Exercise objective:
Any images in the material are to be dropped while every line is retyped exactly.

------ Source data ------

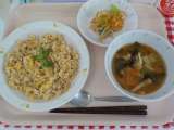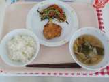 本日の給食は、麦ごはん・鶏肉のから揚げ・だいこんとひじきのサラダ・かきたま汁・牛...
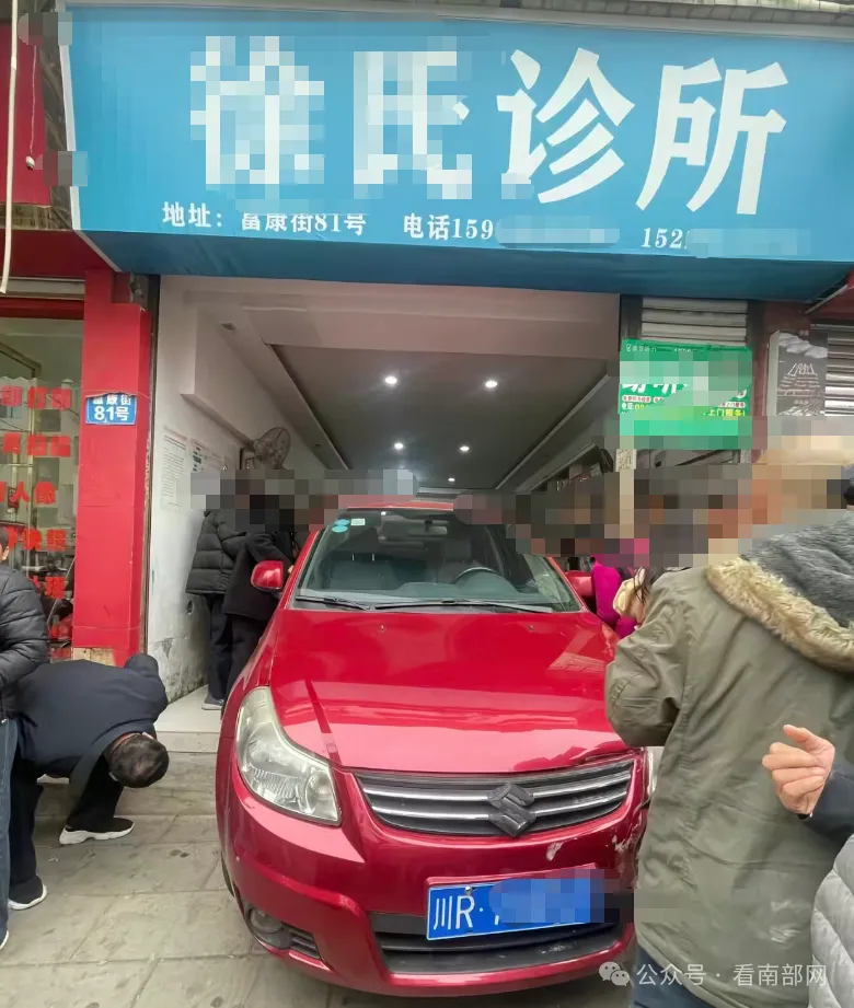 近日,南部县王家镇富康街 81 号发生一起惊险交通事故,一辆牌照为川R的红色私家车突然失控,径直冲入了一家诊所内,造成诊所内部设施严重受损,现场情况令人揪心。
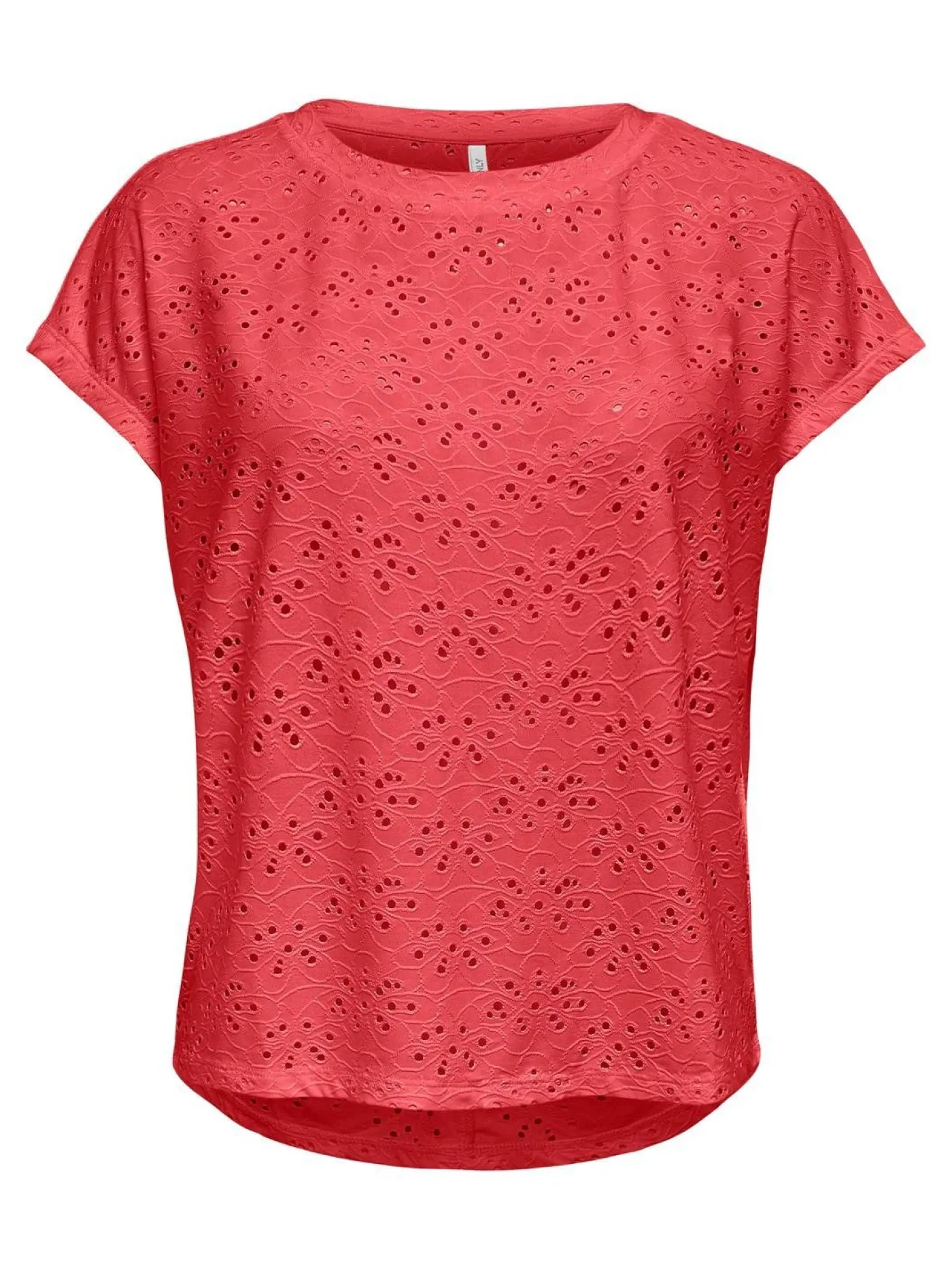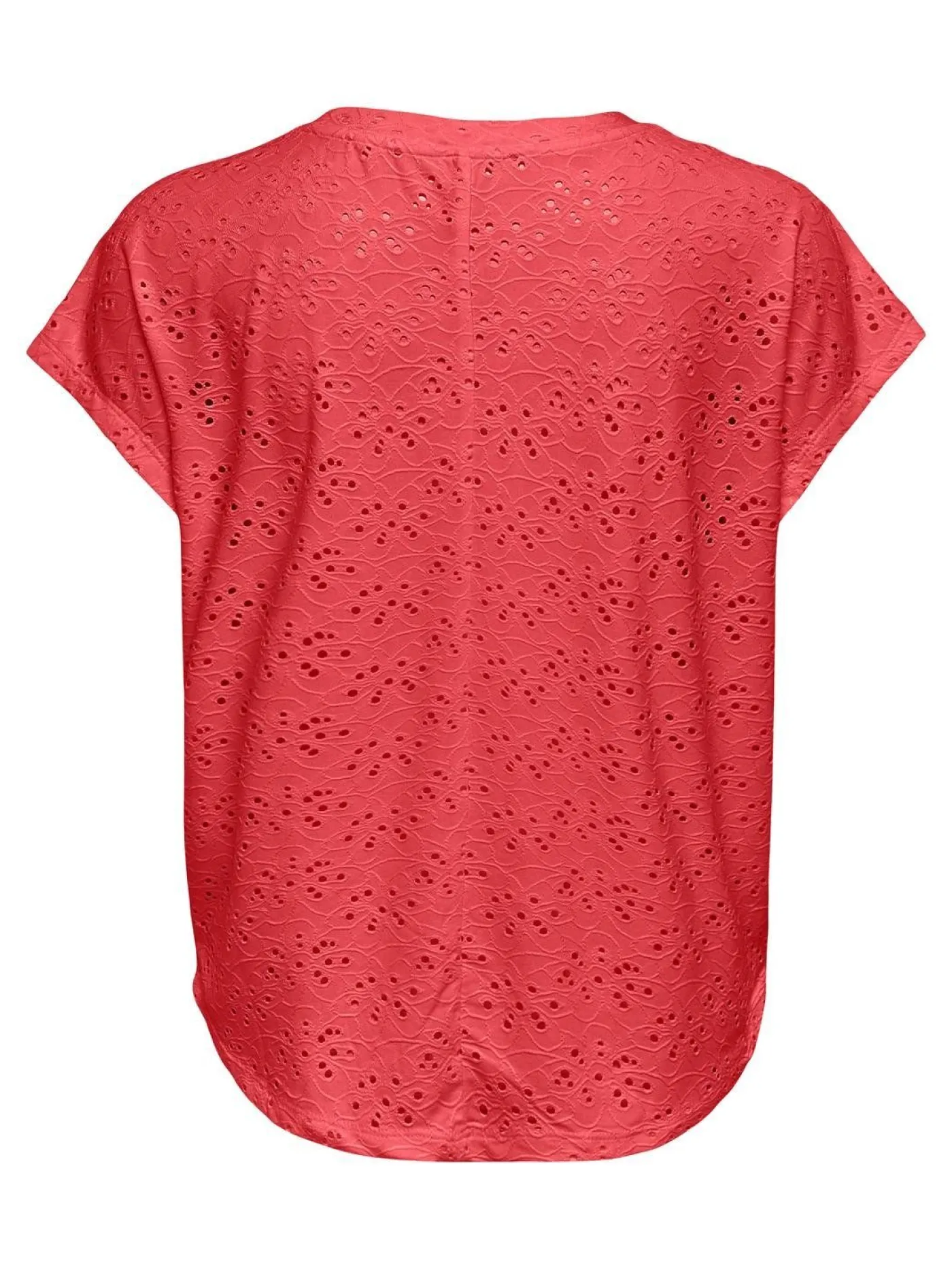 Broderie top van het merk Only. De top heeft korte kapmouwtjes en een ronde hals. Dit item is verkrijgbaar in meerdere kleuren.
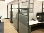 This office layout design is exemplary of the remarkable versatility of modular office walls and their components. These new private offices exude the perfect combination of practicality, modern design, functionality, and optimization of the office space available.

------

Task response:
 本日の給食は、麦ごはん・鶏肉のから揚げ・だいこんとひじきのサラダ・かきたま汁・牛...
 近日,南部县王家镇富康街 81 号发生一起惊险交通事故,一辆牌照为川R的红色私家车突然失控,径直冲入了一家诊所内,造成诊所内部设施严重受损,现场情况令人揪心。
 Broderie top van het merk Only. De top heeft korte kapmouwtjes en een ronde hals. Dit item is verkrijgbaar in meerdere kleuren.
 This office layout design is exemplary of the remarkable versatility of modular office walls and their components. These new private offices exude the perfect combination of practicality, modern design, functionality, and optimization of the office space available.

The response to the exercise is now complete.